Last week we saw that the process of the new
WebApi we created suddenly stopped at random times. Strangely there was no exception; no logging and the Docker container was still reported as healthy.
Eventually, we fixed the problem, but it took us several days, and we could not find much on the internet, so let me share what we found so you can fix it without spending days searching.
We created a service running in a Docker container on Azure Kubernetes Services (AKS). The service has a timer that triggers every several minutes. For storing the data, we use Azure SQL database.

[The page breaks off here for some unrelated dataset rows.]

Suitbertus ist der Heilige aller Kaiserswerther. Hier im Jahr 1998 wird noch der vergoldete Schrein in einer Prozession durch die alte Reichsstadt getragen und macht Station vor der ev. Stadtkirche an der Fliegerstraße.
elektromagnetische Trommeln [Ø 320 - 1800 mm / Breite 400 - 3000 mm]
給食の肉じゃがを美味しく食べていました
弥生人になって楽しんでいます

The service uses Entity Framework core version 3.1.4 and runs on net core 3.1. Performance is critical for running this process; we use async queries to get the data from the database.

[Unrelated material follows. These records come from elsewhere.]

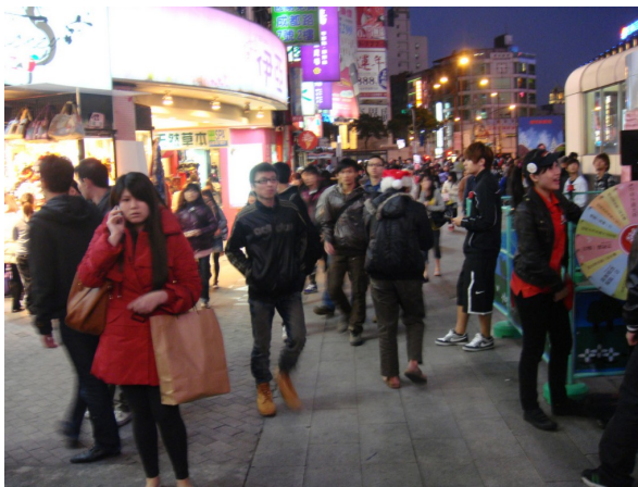
聖誕節將至，販售員像其他的販售員一樣， 戴上了應景的聖誕帽離開了，幸好他還有件大衣。

在台灣，《大誌》由大智文創雜誌社引進，開放網路訂購。目前在九家主要贊助單位中，僅聯合勸募為非營利組織。街友定期開會培訓，但除了一開始作為本錢的十本雜誌和每賣一本賺的五十塊以外，什麼都沒有。
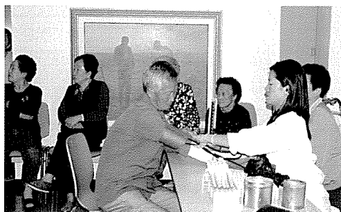
▲ 제주지부는 제주시보건소, 노인복지시설인 평화의 집 등 기초생활보장수급권자, 원생 60여명에게 무료건강검진을 실시했다.
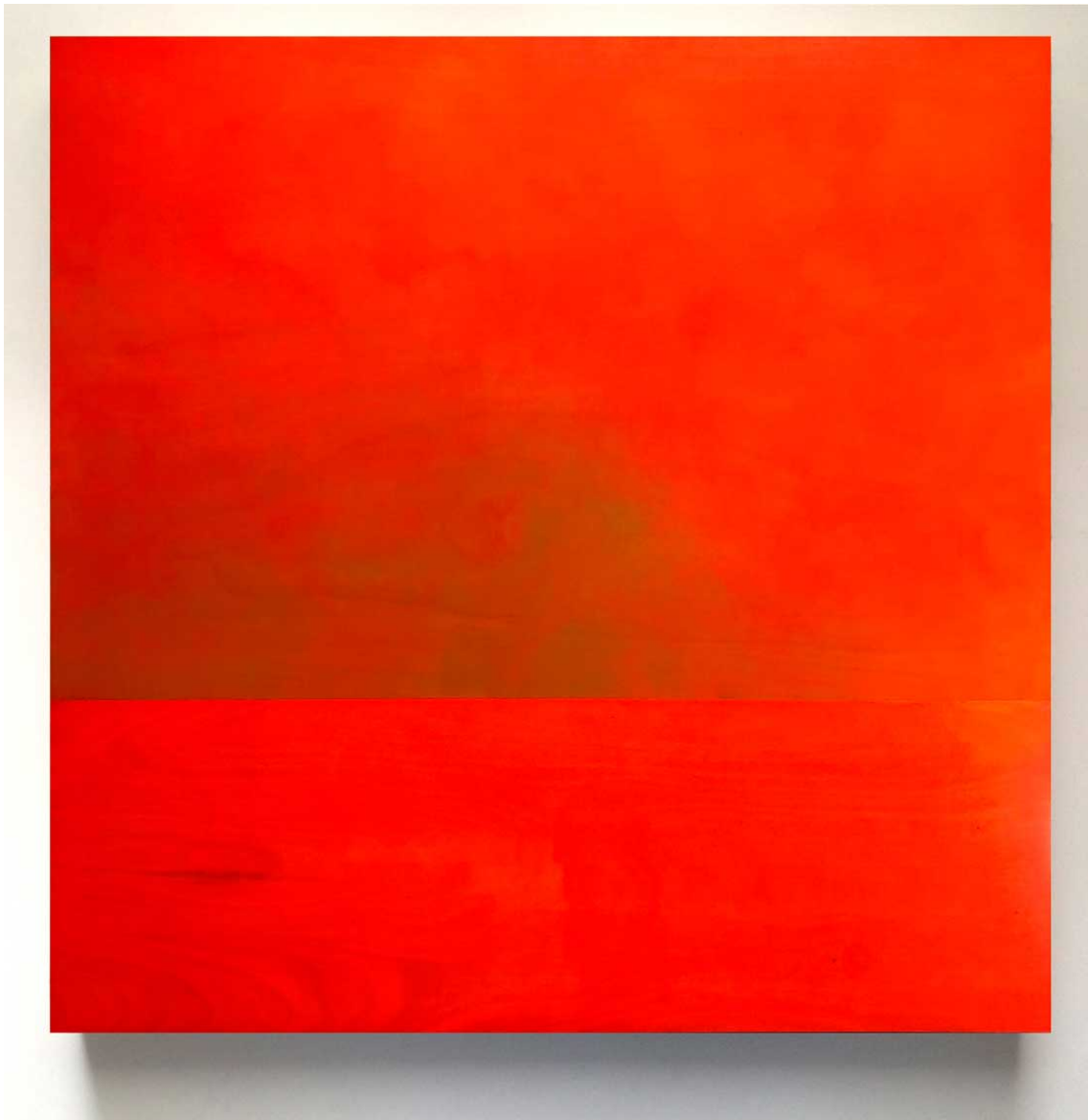
Seascape 91 (2017), 180x180 cm. Acrílico y pigmento sobre tabla de madera.

Seascapes propone un momento de intimidad, introspección y reparación personal.

The first days the service runs more or less as expected, we didn’t notice any strange behavior, which was incorrect because it already showed problems, but we did not recognize them.
We added lots of unit testing to make sure all the components are running well. We even implement SpecFlow tests to tets the complete process. Running the process in de debugger shows no exceptions of any kind. But when we deploy the container to AKS, we see the process triggered by the timer crashes after several runs. There is no exception and no logging in
Application Insights. At first sight this looks like memory problems where the thread just disappeared.
We again run the
WebApi within our visual studio debugger to see if we can reproduce the problem. The process runs fine for several hours. It looks like the memory increases during the process, and the Garbage Collector does not clean the memory enough. So we force the memory to clean calling
This has a positive influence on the memory use, so we expect our model has a memory leak. To make sure we deploy this version to the acceptance slot on the AKS cluster. First, the service runs fine, but after a few hours, the process stops again without logging or exceptions.
Next, we connected a memory profiler to see memory usage, and we increased the number of times the process is triggered. It now runs every 30 seconds; we see the garbage collector clean the memory as you should expect.
But no matter how long we leave the process running, it does not seem to crash. To see if we can find a pattern, we added as much logging as possible to the process and redeploy it to AKS. Within several minutes the process is gone again, and the logging shows where it stopped. After three runs, we jump the conclusion; it got stuck in the final step of the process. Here it calls a library to update or insert data in the database.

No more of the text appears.